Düşünüyorum da, acaba kendi halinde kalmak isteyenleri o halde bırakmamak gibi bir politika izleyenlerde olabilir mi? komplo teorilerine meraklıyızdır. Buda onlardan birisi. Olabilir ne demek. Taa gerçeğin kendisidir bu. Çocukların eline verilen oyuncaklar gibi, oyuna daldı mı çocuk.. Tamamdır. Ne geleceği düşünür, ne açlığı. Varsa yoksa oyun. Adanmış bir vicdandan şu tespitleri okuyalım:

“Demokratikleştirme projesi; hedef devletlerin halkını kendi vatandaşı yapmadan ona hükmedebilmenin ve onu hem demokratik devletin uzağında tutup hem de demokratik devletin bağımlısı kılmanın adıdır. İslâm coğrafyasına dönük olarak sürdürülen bu politik faaliyetin yerli ortağı, aşırı temayüllere içkin İslâm anlayışlarıdır.” (*)

Algı yönetimi, tam da anlatmak istediğim buydu. Algı yönetiminde, sizin okuduğunuz, duyduğunuz değil, yöneticinin vermek istediği mesajı duymanız, anlamanızdır istenen. Amaç budur. Başarabiliyorlar mı? hem de nasıl.
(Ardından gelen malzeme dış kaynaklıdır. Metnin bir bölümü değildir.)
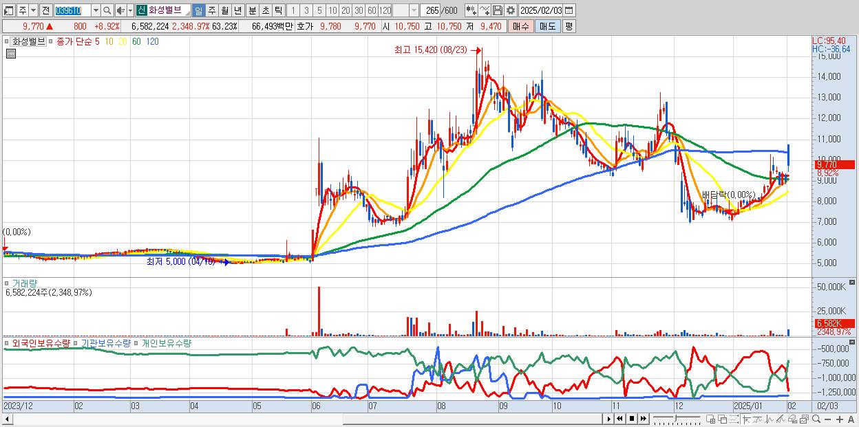 - 화성밸브 (9,770원 ▲ 8.92% , 시총: 1,017억, 거래량: 6,582,224, 거래대금:665억)

Arap Coğrafyasında gelişen olaylara bakalım mesela. Mısır’dan Suriye ve Kuzey Afrika sınırları boyunca ektili olan bir örgüt adını duyuruyor. “İhvan-ı Müslimin” Müslüman Kardeşler. Mısırda 42 yıllık (şimdilerde diktatör dedikleri) yönetimi devirdiler, başlarında ABD eğitimli gençlerin bulunduğu Müslüman kardeşler teşkilatı! Vaktiyle diktatörlüğünü görmüyorlardı. Parmaklıklar arkasında yargılanmasını izlediğimde, yandaş olmanın acı tebessümü yapışmadı değil dudaklarıma. 42 yıl boyunca zulümle yönetti ülkesini, şimdi sefil hayatının sonlarını demir parmaklıklar arkasında tamamlayacak, asmazlarsa. Neyse konumuz diğerleri idi. Diktatörden kurtulduktan sonra yerine ikame edilen askeri yönetim aynı (baskıcı) kanlı idareyi sürdürünce, bu kere gerçek Mısırlılar sokakları doldurdu. Bize göre gerçek devrime giden yolu buldular böylece. Ne mi oldu? Müslüman Kardeşler teşkilatı, şimdi sokakları dolduran Mısırlıları desteklemedi! Niye? Satılmışlık böyle bir şeydir.

Suriye’de de Müslüman Kardeşler adlı teşkilat yönetimi devirmenin peşinde. Esad giderse her şey düzelecek mesajı, algı olarak dayatılmakta, hem de dünyada birlikte. Maalesef Türkiye’de bu havalarda. Daha altı ay evvel kardeşimiz olan, birlikte Bakanlar Kurulu toplantısı yaptığımız Esad şimdilerde tu kaka oldu! Bu bilgiyi de halkımıza nasıl yutturdular! Nasıl anlattılar! Şimdi sokakta gezenler bile, Esad’ın gitmesi gerektiğini rahatlıkla söyleyebilmektedir. Radyolar, TVler, Gazeteler bu bilgiyi millete dayatmak için ellerinden geleni yapıyorlar. Kirli bilgi bombardımanından halkı koruyacak paratonerlerin çalışması ise, gizli kuytularda ferdi çabalara kalmış.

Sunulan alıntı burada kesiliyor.